:: EXERCISE ::
Would you return the listing exactly as written, apart from its pictures?

:: MATERIAL PROVIDED ::
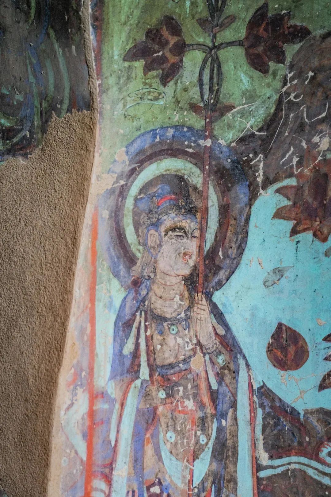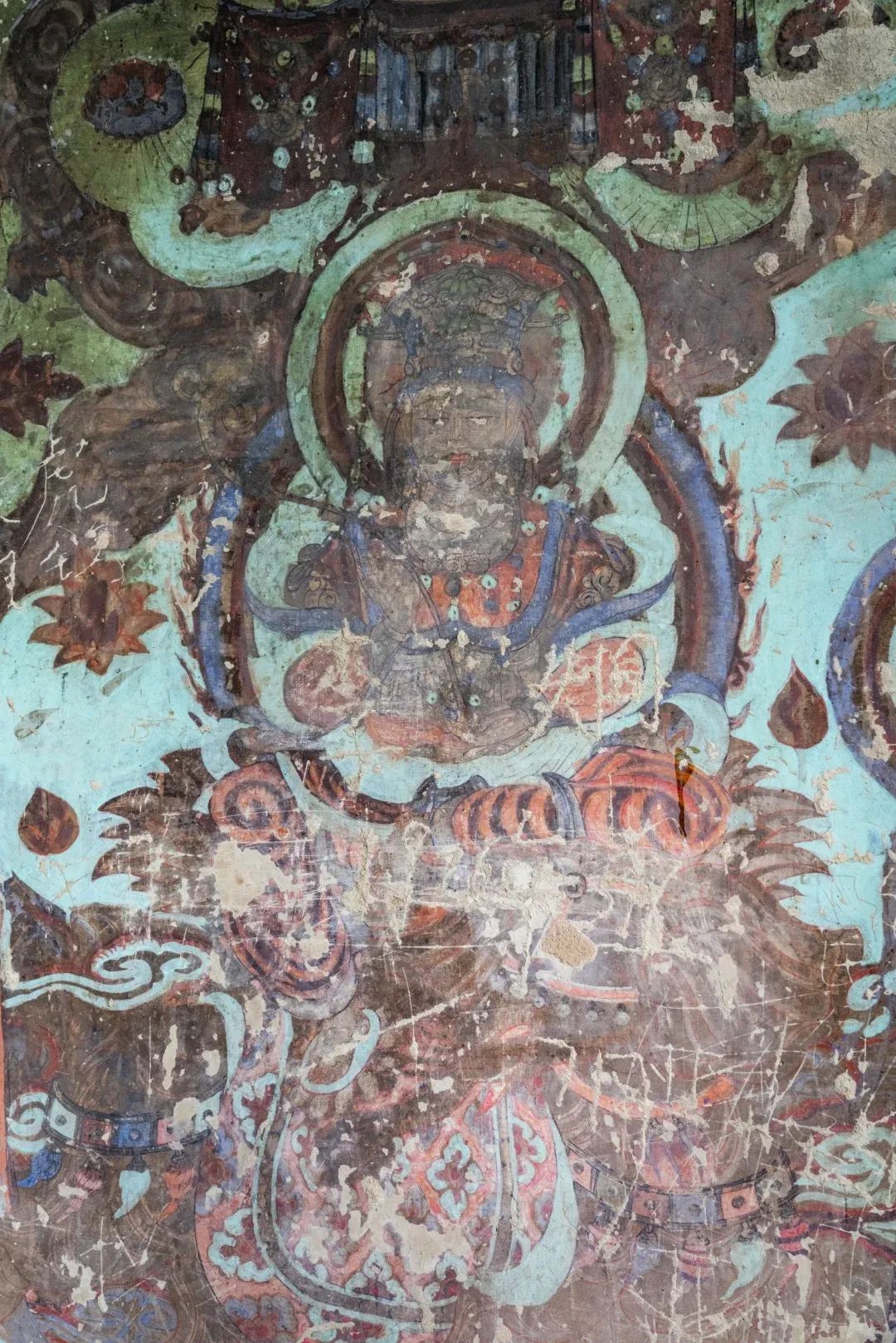 現(xiàn)在第4窟中早期塑像多數(shù)已毀,但仍殘存少數(shù)幾身,十分珍貴;各側(cè)面表層為西夏重修時(shí)繪制的壁畫;柱座與柱身的兩層自下而上逐層縮??;中心柱正面在西夏時(shí)改造成一橢圓形的大背屏,背屏正面表層為清代重繪的壁畫;四壁及頂上壁畫也多為西夏時(shí)期。
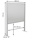 Séparation en plexiglass transparent pour limiter la transmission des virus et bactéries. Plexiglass 100% transparent incassable avec une structure en aluminium élégante assurant une grande robustesse et stabilité en toutes circonstances, toutes installations et toutes utilisations...
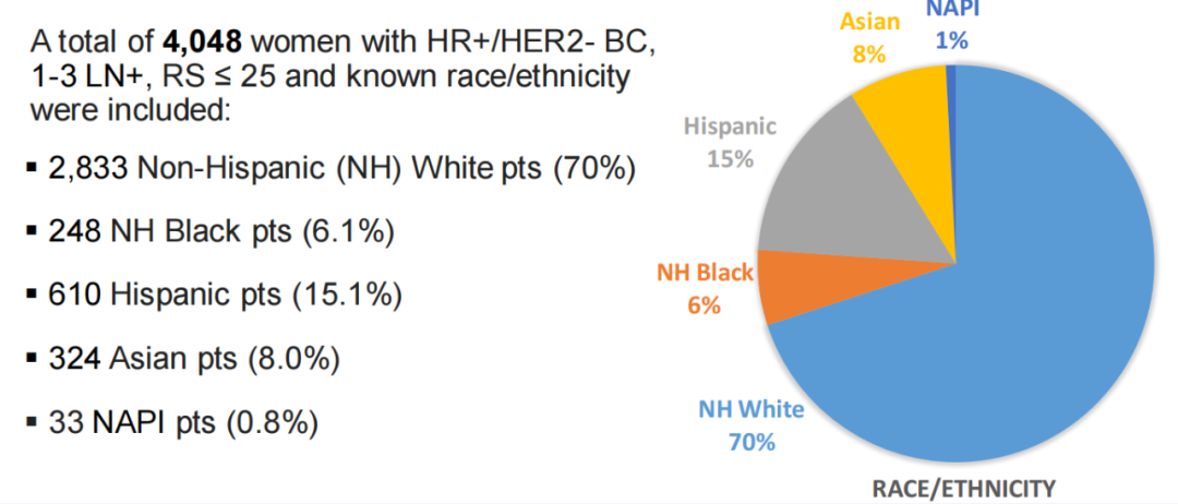 我们了解到,乳腺癌患者中不同人种对于预后的影响不可忽视,在美国黑人的发病率较白人低4%,但是乳腺癌导致的死亡却增加了40%,并且这一结论在调整了非生物因素的影响后依旧存在。基于此,本次大会上进一步更新了RxPONDER研究中不同人种的生存差异。

:: RESPONSE BELOW ::
 現(xiàn)在第4窟中早期塑像多數(shù)已毀,但仍殘存少數(shù)幾身,十分珍貴;各側(cè)面表層為西夏重修時(shí)繪制的壁畫;柱座與柱身的兩層自下而上逐層縮??;中心柱正面在西夏時(shí)改造成一橢圓形的大背屏,背屏正面表層為清代重繪的壁畫;四壁及頂上壁畫也多為西夏時(shí)期。
 Séparation en plexiglass transparent pour limiter la transmission des virus et bactéries. Plexiglass 100% transparent incassable avec une structure en aluminium élégante assurant une grande robustesse et stabilité en toutes circonstances, toutes installations et toutes utilisations...
 我们了解到,乳腺癌患者中不同人种对于预后的影响不可忽视,在美国黑人的发病率较白人低4%,但是乳腺癌导致的死亡却增加了40%,并且这一结论在调整了非生物因素的影响后依旧存在。基于此,本次大会上进一步更新了RxPONDER研究中不同人种的生存差异。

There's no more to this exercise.